ACTION ITEM:
The task calls for an exact retyping of the lines from the one holding "Imagine walking paths" through the end of the listing, with pictures omitted and nothing added.

EXERCISE MATERIAL:
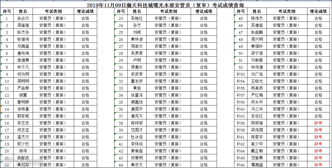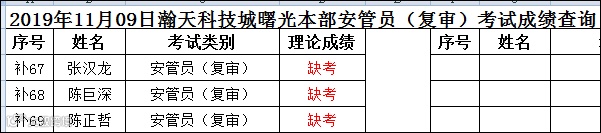 2019.11.09曙光本部安管员(复审)考试成绩查询
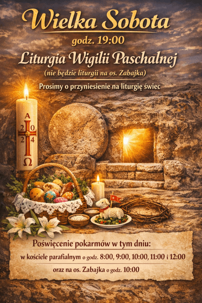 Wielka Sobota prowadzi nas do najważniejszej i najpiękniejszej liturgii w całym roku – Wigilii Paschalnej. To noc, w której ciemność ustępuje światłu, a śmierć zostaje pokonana przez życie. To noc
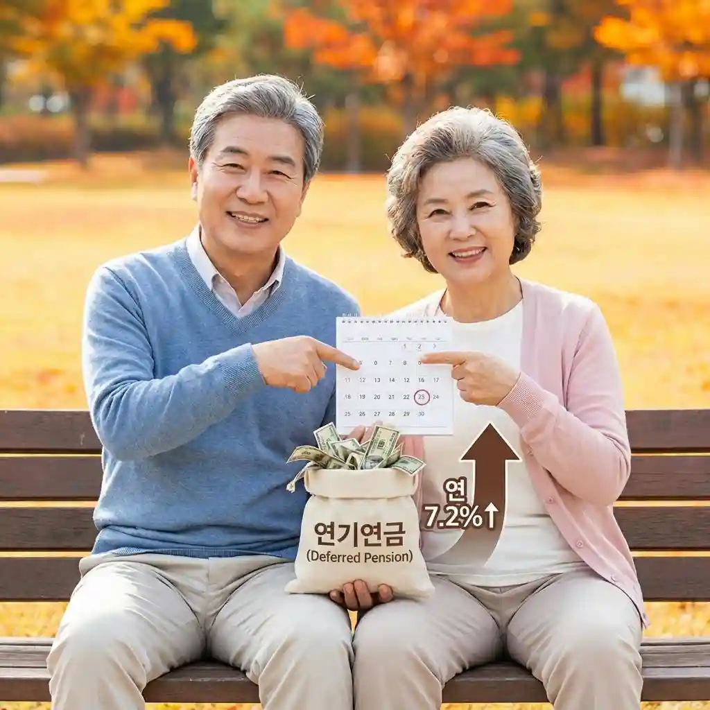- 확실한 수익률 (연 7.2%): 1년 미룰 때마다 연금액이 연 7.2%씩 불어납니다. 5년을 꽉 채워 연기하면 무려 36%가 인상된 금액을 평생 받습니다.
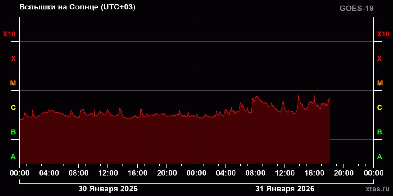 «На Солнце происходят довольно резкие изменения. На северо-восточном краю светила, где с утра ещё почти не было пятен, наблюдается стремительное формирование новой крупной активной области. Поток рентгеновского излучения от Солнца на этом фоне с утра вырос примерно на 500% и в настоящее время приблизился к порогу M-класса. До конца дня ожидается выход на уровень сильных вспышек, а если рост площади группы пятен продолжится с такой же скоростью, то в течение следующих 24 часов могут произойти первые вспышки уровня X», — цитирует агентство сообщение Института космических исследований Российской академии наук (ИКИ РАН).
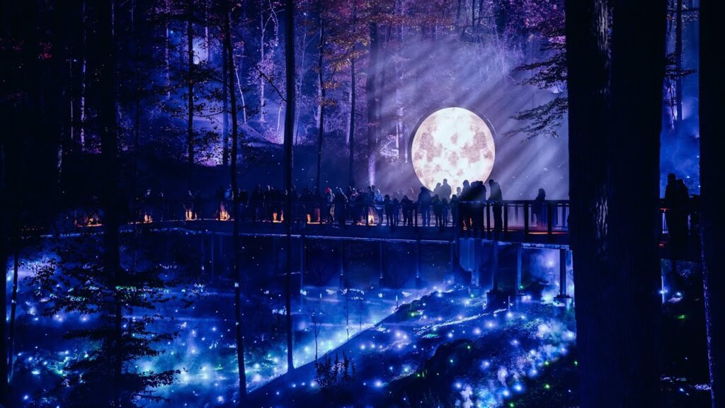 Imagine walking paths washed in color, encountering radiant landscapes and wildlife-inspired displays, all set to an original musical score.
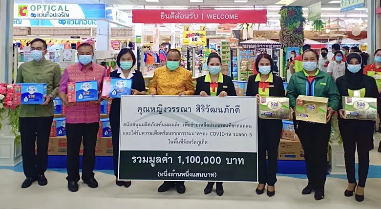 คุณหญิงวรรณา สิริวัฒนภักดี สนับสนุนผลิตภัณฑ์นมผงสำหรับเด็กให้แก่ประชาชนที่ขาดแคลน โดยเฉพาะคุณแม่ที่มีลูกอ่อนที่ได้รับผลกระทบจากสถานการณ์การแพร่ระบาดของโรคติดเชื้อไวรัสโคโรน่า (COVID-19) ระลอกที่ 3 จำนวน 500 กล่อง รวมเป็นมูลค่า 1.1 ล้านบาท ให้แก่หน่วยงานสำนักงานพัฒนาสังคมและความมั่นคงของมนุษย์ จังหวัดภูเก็ต และกระจายไปยังประชาชนในพื้นที่จังหวัดภูเก็ต เพื่อแบ่งปันความสุข รวมถึงบรรเทาความเดือดร้อน และหวังเป็นส่วนหนึ่งช่วยคนไทยผ่านพ้นวิกฤตนี้ไปด้วยกัน โดยได้รับเกียรติจาก นายณรงค์ วุ่นซิ้ว ผู้ว่าราชการจังหวัดภูเก็ต เป็นผู้รับมอบ ณ บิ๊กซี ซูเปอร์เซ็นเตอร์ สาขาภูเก็ตในเมือง เมื่อเร็วๆนี้

OUTPUT OF THE TASK:
 Imagine walking paths washed in color, encountering radiant landscapes and wildlife-inspired displays, all set to an original musical score.
 คุณหญิงวรรณา สิริวัฒนภักดี สนับสนุนผลิตภัณฑ์นมผงสำหรับเด็กให้แก่ประชาชนที่ขาดแคลน โดยเฉพาะคุณแม่ที่มีลูกอ่อนที่ได้รับผลกระทบจากสถานการณ์การแพร่ระบาดของโรคติดเชื้อไวรัสโคโรน่า (COVID-19) ระลอกที่ 3 จำนวน 500 กล่อง รวมเป็นมูลค่า 1.1 ล้านบาท ให้แก่หน่วยงานสำนักงานพัฒนาสังคมและความมั่นคงของมนุษย์ จังหวัดภูเก็ต และกระจายไปยังประชาชนในพื้นที่จังหวัดภูเก็ต เพื่อแบ่งปันความสุข รวมถึงบรรเทาความเดือดร้อน และหวังเป็นส่วนหนึ่งช่วยคนไทยผ่านพ้นวิกฤตนี้ไปด้วยกัน โดยได้รับเกียรติจาก นายณรงค์ วุ่นซิ้ว ผู้ว่าราชการจังหวัดภูเก็ต เป็นผู้รับมอบ ณ บิ๊กซี ซูเปอร์เซ็นเตอร์ สาขาภูเก็ตในเมือง เมื่อเร็วๆนี้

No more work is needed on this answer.